§ **Assigned task**: Stop at the line that contains "Ellivo Architects described". Until then, set down each line of the records exactly, beginning with the first, and skip pictures.

§ **Entries provided**:
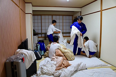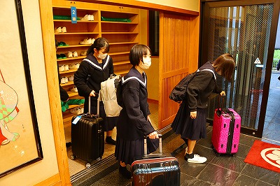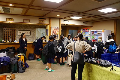 予定より1時間近く早く旅館に着きました。入館式を済ませ、夕食の準備中です。宮崎と比べ、日暮れの時間が早いです。外は全然寒くありません。体調不良の生徒もいなくて、順調です。夕食が楽しみです。
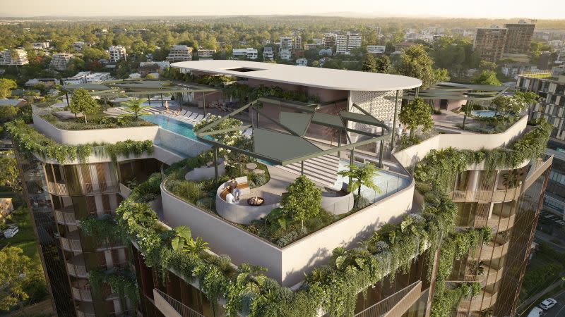 Ellivo Architects described the project as an “urban oasis that blends short term accommodation with residential living”.
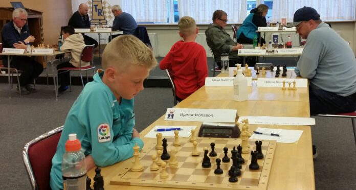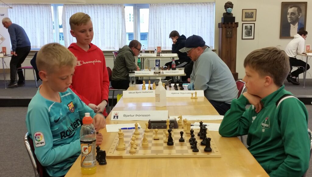 Borð 11: Mikael Bjarki Heiðarsson teflir aðra góða skák. Andstæðingurinn Hjálmar Sigvaldason verður að trúa á kraftaverk – annaðhvort mát eða þráskák ef hann á að bjarga skákinni. Mun varla gerast.
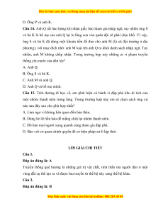 Câu 15. Trên đường đi học về, em phát hiện có hành vi đập phá khu di tích của
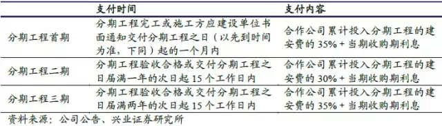 普邦园林作为施工方,按施工进度获得建安工程进度款。工程分期验收,每一期交付后,业主分三期向合作公司支付工程收购款,包括“合作公司支付的建安费用+投资回报+建设期利息+回购期利息”。
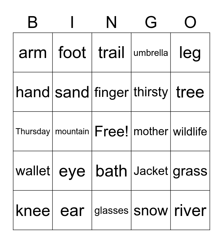 This bingo card has a free space and 24 words: eye, ear, finger, knee, leg, arm, hand, foot, mother, bath, thirsty, Thursday, Jacket, grass, sand, snow, wildlife, trail, tree, mountain, river, wallet, umbrella and glasses.
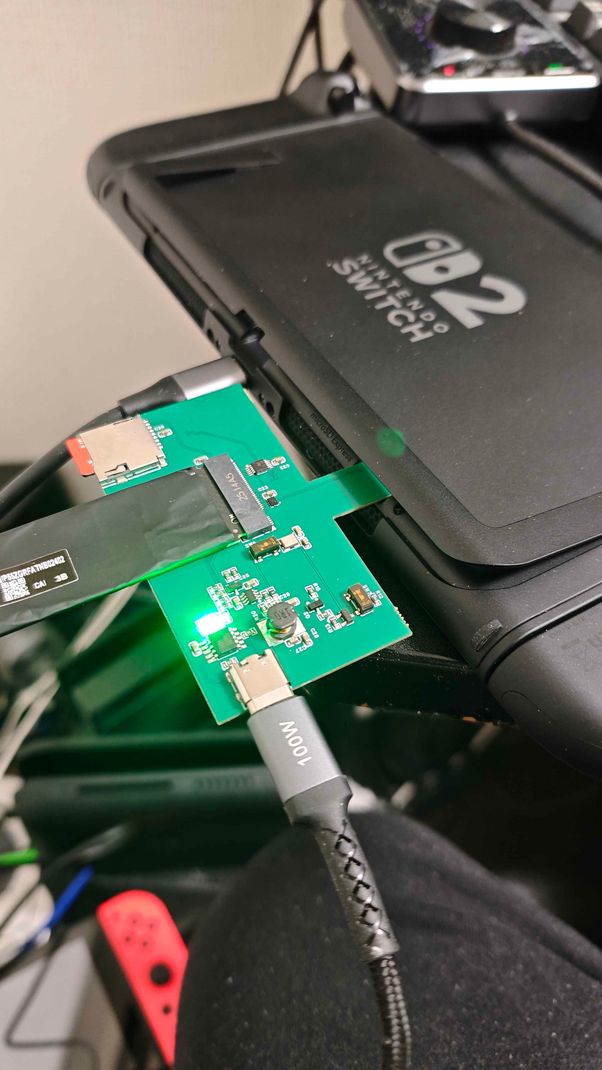 这位博主在动态中难掩兴奋,坦言“真的太惊喜了,没想到NS2真的能成功连接M.2 SSD”。为了证实这一成果的真实性,他还分享了实现该操作的技术细节:通过自制的PCB电路板,借助NS2的扩展接口完成物理层面的连接,从而实现固态硬盘与主机的互通。
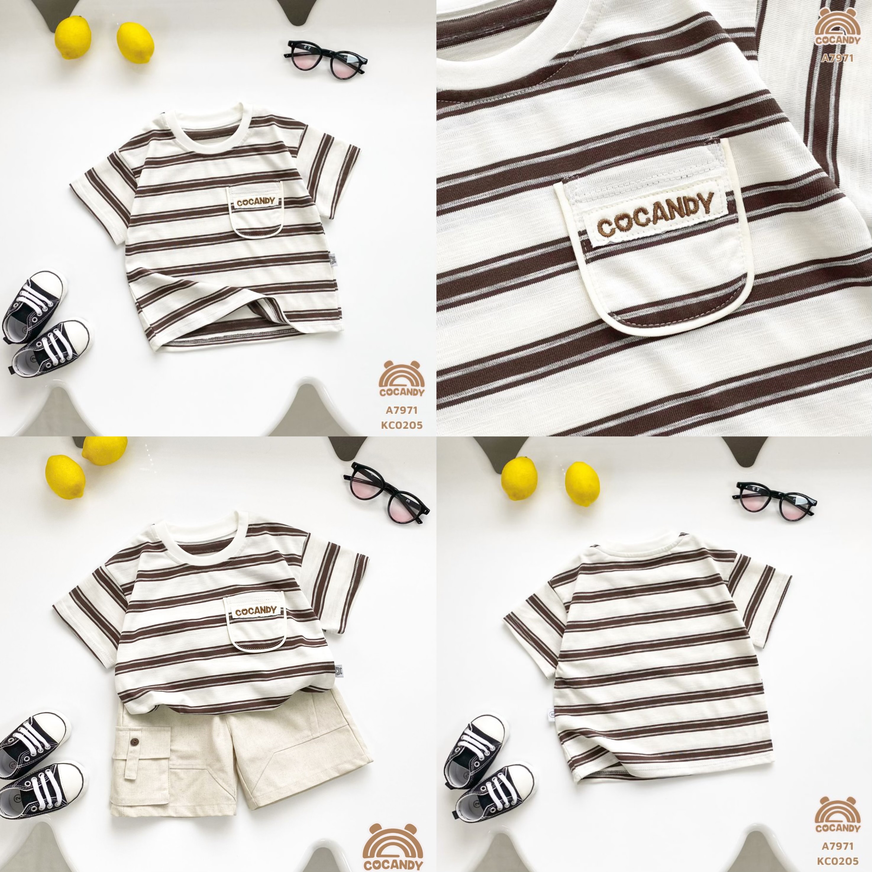 Chất liệu : - Áo cộc kẻ NÂU cổ tròn túi ngực CCD A7971 chất cotton tự nhiên nên mỏng nhẹ, và có khả năng thấm hút tốt hơn thông thường, tạo cảm giác dễ chịu cho bé. Tông kẻ nâu trung tính, phù hợp cả bé trai lẫn bé gái, dễ phối đồ, không kén da
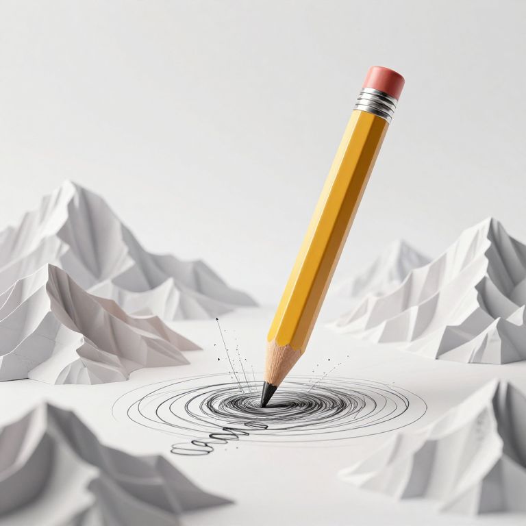 In a surreal 3D-rendered scene, a sentient pencil stands upright amidst intricately layered, paper-thin mountains, its tip poised as if ready to reshape the ever-evolving landscape through imaginative scribbles and dynamic visual effects.

§ **Task response**:
 予定より1時間近く早く旅館に着きました。入館式を済ませ、夕食の準備中です。宮崎と比べ、日暮れの時間が早いです。外は全然寒くありません。体調不良の生徒もいなくて、順調です。夕食が楽しみです。
 Ellivo Architects described the project as an “urban oasis that blends short term accommodation with residential living”.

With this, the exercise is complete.